Jepreted by tanganku sendiri di Kafe Pustaka UM (sekarang sudah pindah di luar UM). Pembatas buku ini digambar oleh Yuyun Nailufar. |
Aku mengoceh dua jam. Ku bilang teman-temanku baik di sini, lebih banyak ketimbang teman yang jahat. Aku nggak ingin kamu khawatir, meski kenyataannya banyak kesakitan yang nggak aku ceritakan. Dan kamu lebih banyak diam.

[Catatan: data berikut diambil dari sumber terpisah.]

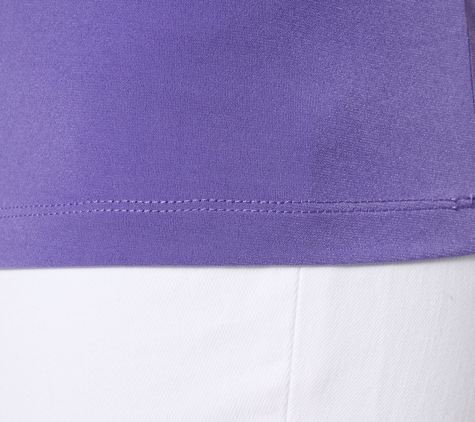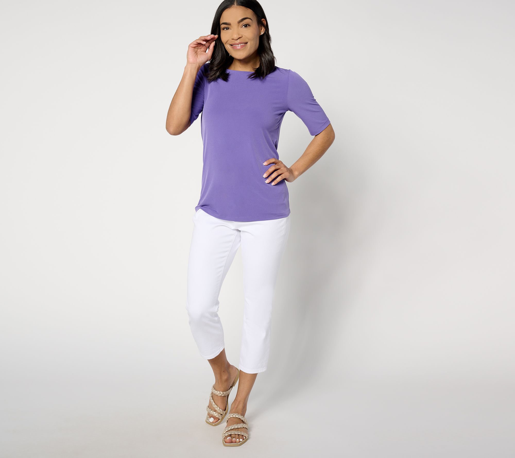 What may appear as a basic top is anything but. This sleek essential is just the starting point for a variety of effortless ensembles. Crafted in fabric-favorite Liquid Knit® it only needs a statement necklace, boucle blazer, or lacy top layer to be a dressy. Or simply pair it with your favorite cropped pants and summery sandals for a carefree casual look! From Susan Graver.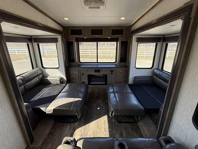 This unit is in beautiful condition, meticulously kept, and fully road-ready. Equipped with 14-ply heavy-duty tires, it’s prepared for long-distance travel or full-time living. The large 20 ft power awning provides expansive outdoor shade, while the 2nd A/C ensures cool, comfortable temperatures throughout.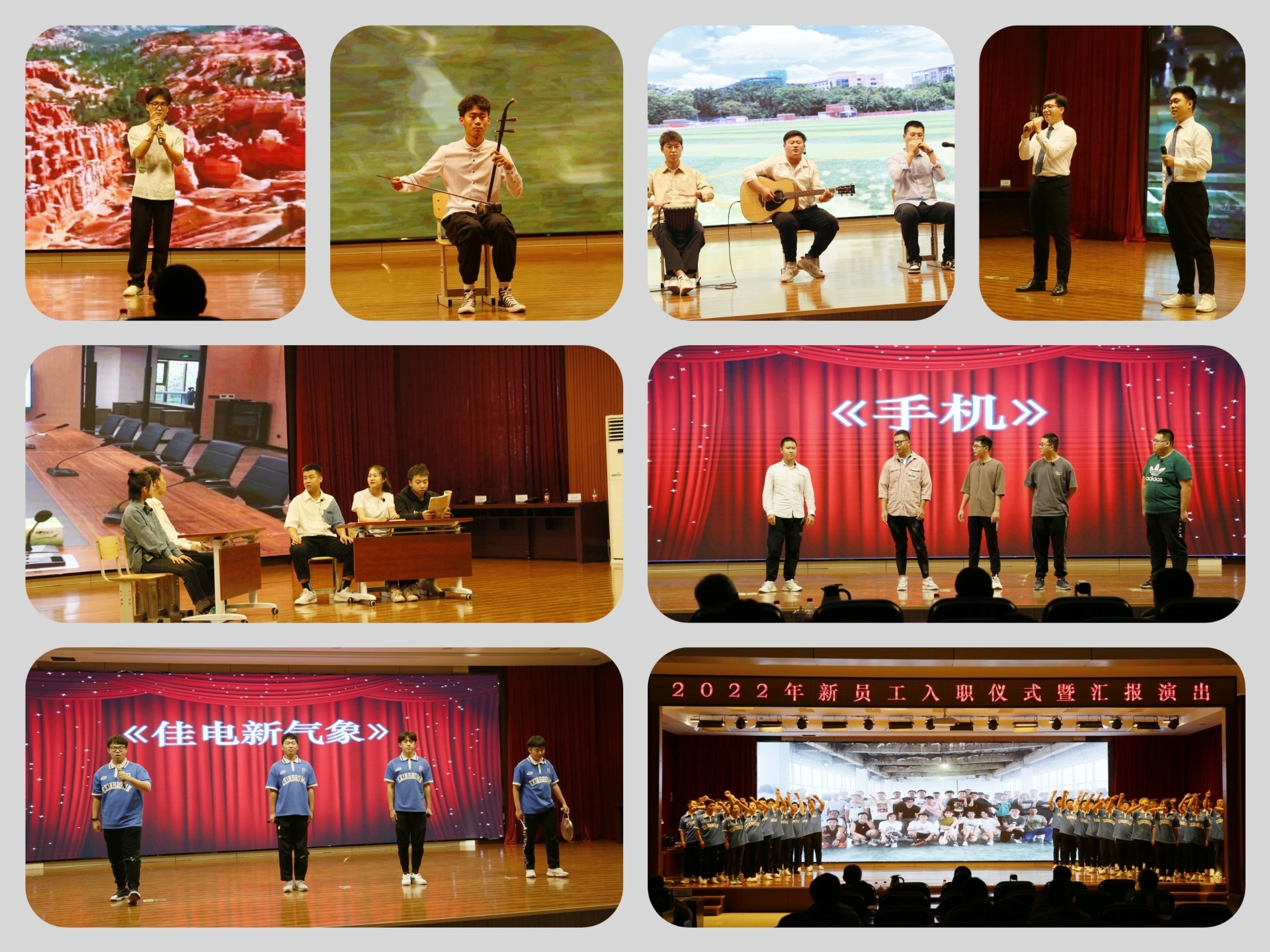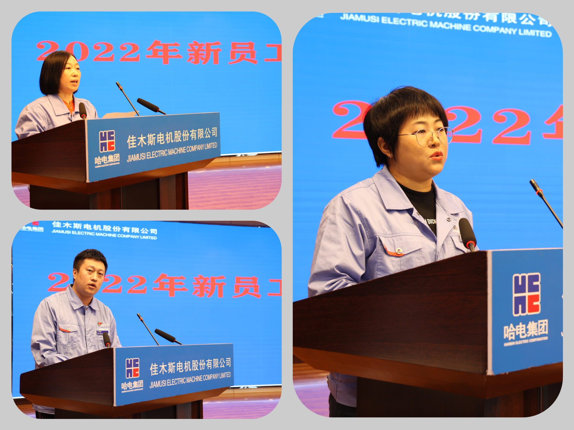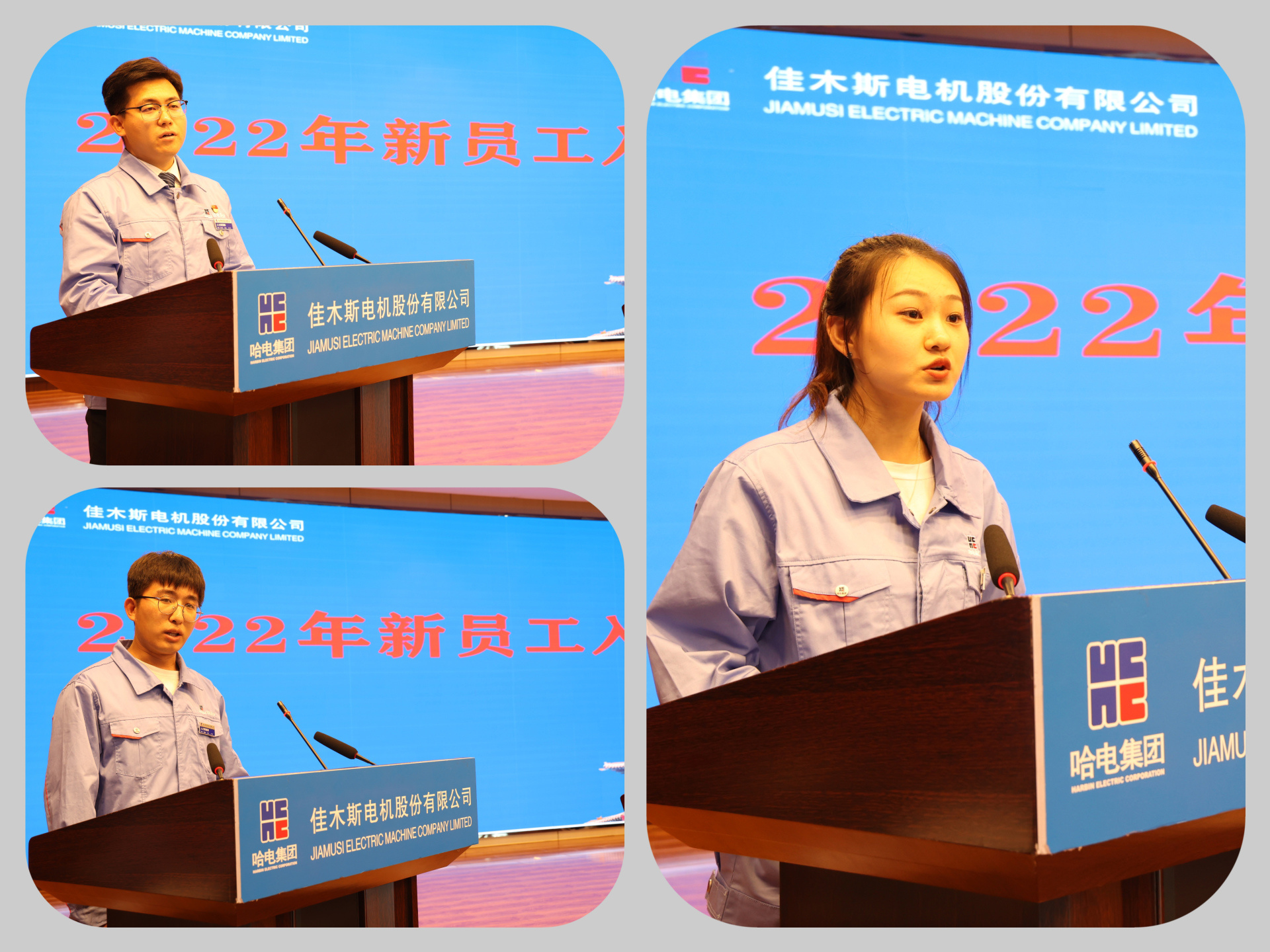 在入職儀式上,3名新員工代表進行發(fā)言,他們用真摯樸實的話語講述了認識佳電、融入佳電的過程和感受,用堅定昂揚的態(tài)度展現(xiàn)了他們奮斗青春、暢想未來的勇氣與責任。
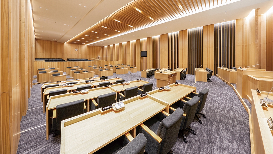 6階 議場/議場イス:RC-2200W、傍聴席:ミンゴα、議場イス:RC-2200W、記者席:SCF-5105C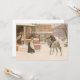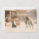 Greeting the Postman by Robert Walker Macbeth (1848-1910) is a vintage Victorian fine art portrait painting. A woman is reaching for the mail delivered by the postman riding a horse. The mailman is delivering Christmas letters to the lady of the house during a snowstorm in winter.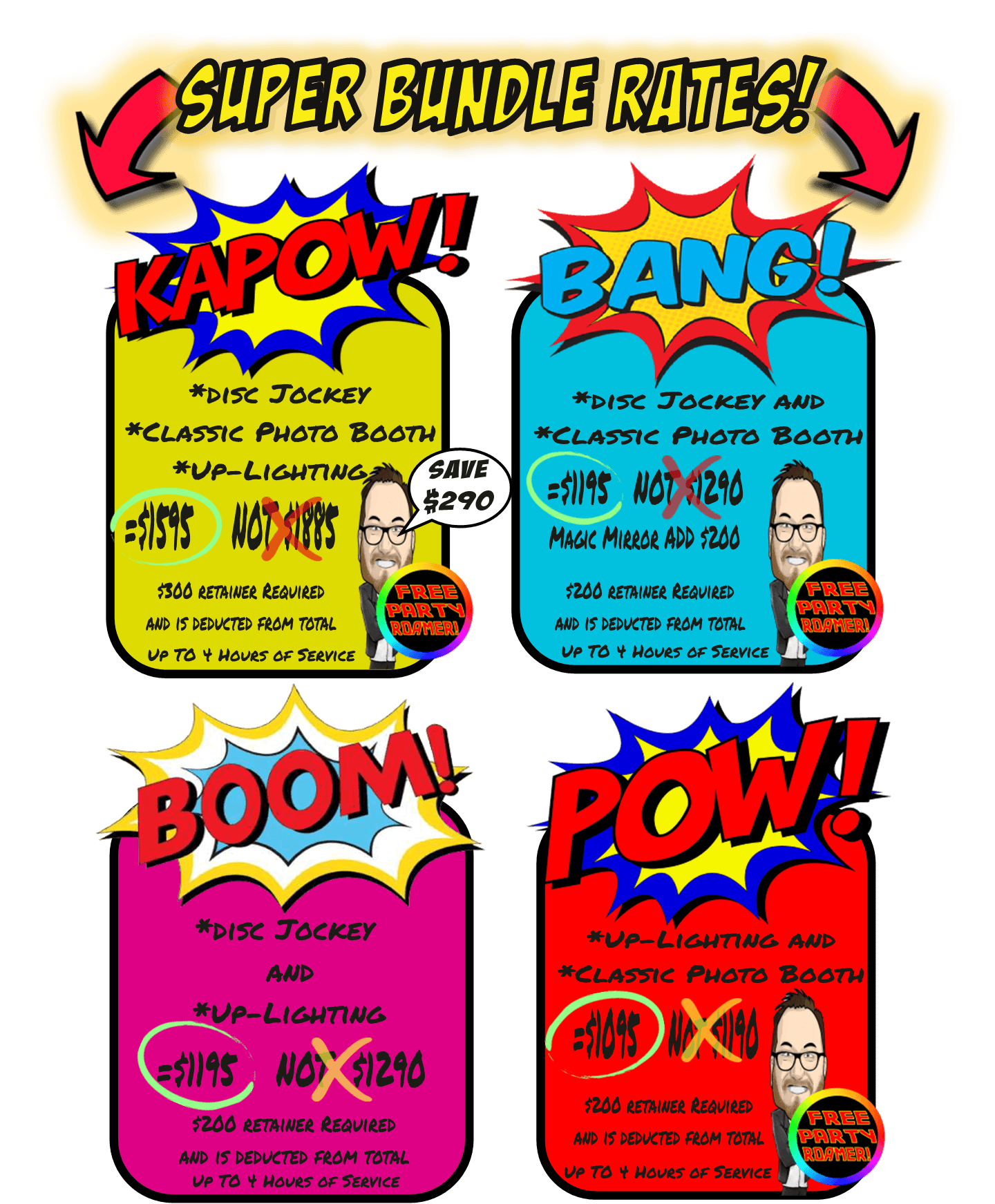 Black Tie Productions: A vibrant promo image titled SUPER BUNDLE RATES! showcases four exciting packages: KAPOW! and BANG! above, with BOOM! and POW! below. Each package offers unique services like a wedding photo booth, disc jockey, or wedding uplighting. Enjoy animated comic effects with a cartoon DJ and save $290!. :Your Event Heroes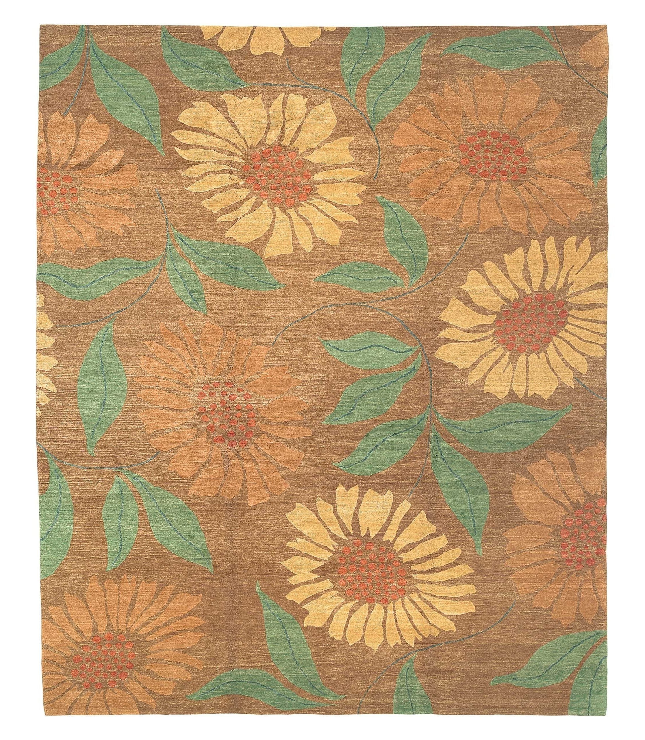 Flower Power is a modern overstated floral patterned rug that will delight interiors. This rug was handcrafted in Nepal of 100% wool using our lovely, plush Kotana weave which has a pile height of about 0.41 inches. Flower Power Cornstalk has a dark beige field with bright flowers featuring light yellow and caramel petals, and leafy green vines. This rug would work well in a game room, family room, or dining room.

Ada sedih yang dalam semakin waktu berjalan. Sering aku menangkap tatapanmu terpaku pada satu titik di wajahku, nggak ada keceriaan.
"Kamu kelihatannya sedih. Mau nangis ya?" ejekku dan kamu hanya mengeleng.
Hingga dua jam benar-benar habis, kamu mengantarku ke gerbang kampus dan kita langsung berdebat soal siapa yang mesti berbalik punggung terlebih dahulu. Aku nggak rela berbalik punggung lebih dahulu, bagiku itu nggak adil dan sebaliknya kamu pun berpikir begitu.
"Kita hompimpah sekali. Hmm... yang kalah balik punggung lebih dulu, oke?" tawarku, lebih kepada memaksa.
Dan akhirnya aku mengeluarkan semut sedang kamu mengeluarkan manusia. Kelingking lawan telunjuk, aku kalah. Tuhan maha baik, dua tahunmu yang akan datang di Jepang masih diganjar juga bisa melihat punggungku berbalik terakhir kalinya.
Aku pura-pura berjalan tegak, namun buru-buru lari kemudian dan sembunyi di gapura gerbang kampus. Kepala aku longokkan dari salah satu gapura dan aku melihatmu sudah berbalik punggung. Aku masih bisa melihat punggungmu dengan kecurangan, setidaknya.